The final week of my Data Science Immersive class starts today, but in reality, this week, and the eleven that preceded it, mark much more of a beginning than an end. This course has opened a new professional path for me and my classmates, an exciting path in a challenging and interesting field. Before that path continues, however, the capstone project must be completed.
If anyone taking this class ever reads this blog somewhere down the road, I can tell you this: do not wait until the last minute to work on these projects. I am able to take in this week with as much enjoyment as anything else, because I have been working tirelessly in the evenings and on the weekends to make sure I would not have my back up against the wall this week with the deadline looming.
My project is coming along. It doesn’t do nearly everything I wanted it to do — but that’s OK. I wanted it to pick baseball games with some degree of accuracy — and it does that, just to a much lower degree of accuracy than I had hoped. And I still have four days to improve it!
One of the things I have come to grips with over the last six weeks or so is that I’m not going to learn everything I need to know about Python, predictive modeling, or the tools and websites involved, during the twelve weeks of this class. And I’ve grown to be OK with that.

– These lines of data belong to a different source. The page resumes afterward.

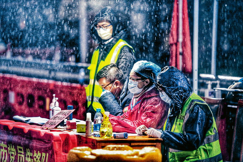 疫情暴發(fā)以來,廣東省鶴山市廣大黨員、機(jī)關(guān)干部、民警,主動放棄休假,24小時(shí)輪值堅(jiān)守崗位,全力打好疫情防控戰(zhàn),切實(shí)維護(hù)人民生命安全和身體健康。圖為2月4日凌晨,鶴山市大雨傾盆,天氣寒冷,黨員干部、醫(yī)務(wù)人員在公安民警、交通執(zhí)法等單位人員配合下,對進(jìn)入鶴山市的所有車輛人員進(jìn)行體溫檢測、詢問情況。 人民圖片 黃繼明/攝
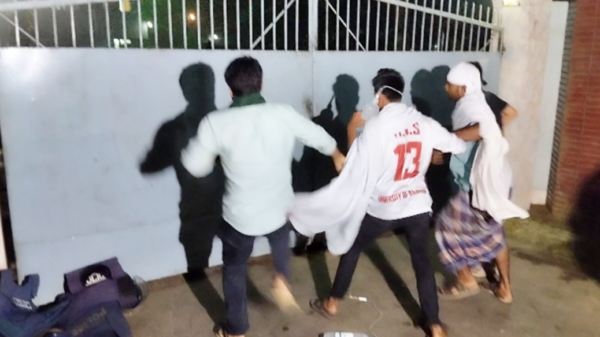 রাজশাহী বিশ্ববিদ্যালয়ে উপাচার্যের বাসভবনের গেট ভেঙে ভেতরে ঢোকার চেষ্টা শিক্ষার্থীদের
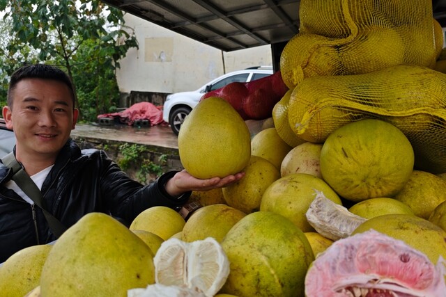 两地食材的交换,图的是新鲜。有人天不亮就背着菜出门,有人甚至头一天就直接住在了异地的镇街上。这几年,35岁的陈国军都在干用小货车拉货卖水果的生意,常在云贵川三省来往,这趟出来,他从泸州纳溪拉了2600斤水晶柚和琯溪蜜柚,一路走到云南省昭通市威信县水田镇已经卖掉了一部分。从水田镇到镇雄坡头镇时接近傍晚,他算准赶场天的时间,将车在集市角落里停下后就近找住处,第二天凌晨4点起床,先清扫货车周边的场地,再就着后备箱支起水果摊。
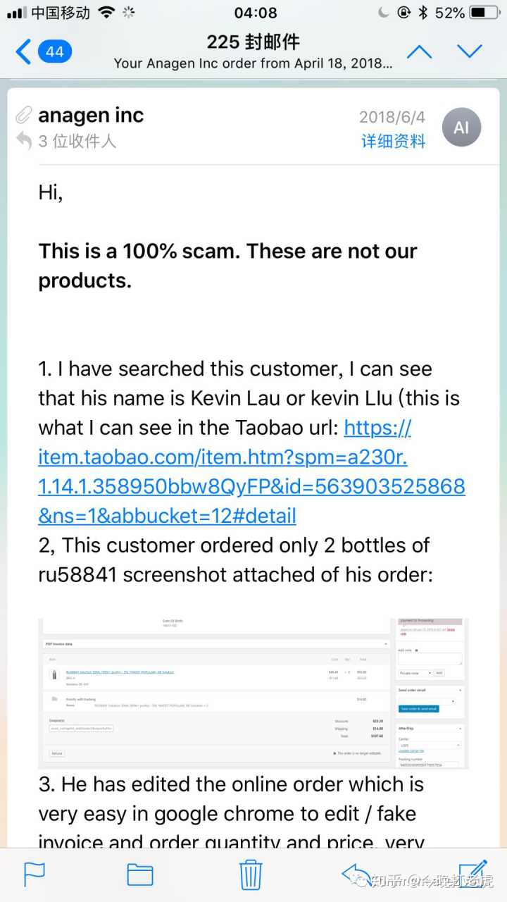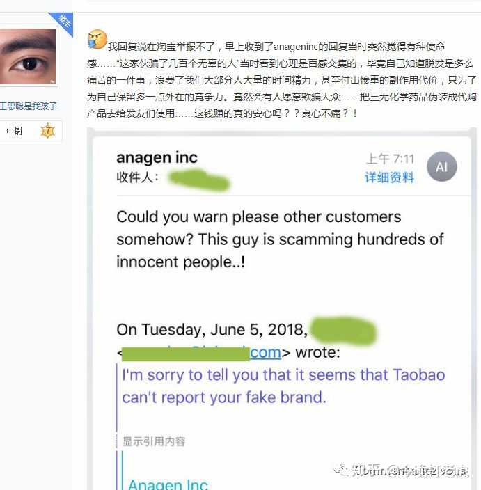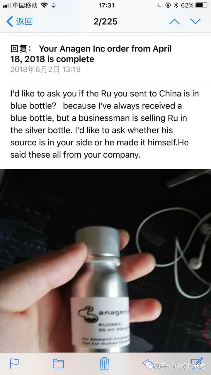 我代购的是一款脂溢性脱发的研究化合物产品RU58841,这产品因为效果极为出众在国外较有名。但因为其产品性质只属于研究化合物,特别是在境内这种被植发机构垄断的环境下,在国内是不能做什么宣传的。在国内只能是小众产品,也让一些人开始动了歪心思。在我用了这个东西受益的同时,国内就有一些闲鱼淘宝商家在销售,其中有一家店主叫“我有点难”的在代购Anageninc的产品。但是我发现外包装跟我自己海淘的不一样之后,便直接与官网求实得到验证是假货。下面是比较具体的事件描述。

When I compare what I know today to what I knew on April 23, the day before the class started, I am amazed at the progress. These ‘Immersive’ classes present an incredible amount of information in a very short time period. It took some time, and a Shakespeare reading from our professor, but I no longer feel bad about not being able to understand everything completely, immediately.
And I would relay that message to any future student in one of these immersive classes who reads this. As long as you are giving the process everything you have, 100 percent — whatever progress you are making is still progress, even if there are parameters on models you don’t understand, or Python code you cannot remember.
Regarding my project, I have now tried hundreds of parameter combinations in several different models, including Logistic Regression, Random Forests, and a Support Vector Classifier. So far, I have been unable to get any of the models to pick much better than about 57% of games, and even that measure is not achieved on a consistent basis. But, the dozens and dozens of hours spent on the project have not been a waste, nor will the dozens more I will spend over the next few days, regardless of the final results.
I have thought about my dad a great deal while I have worked on this project. He taught me to love baseball and sports statistics. He also taught me to do things the right way. I have not always followed that advice, but when I have, the results have been solid.
These are my thoughts as week twelve begins.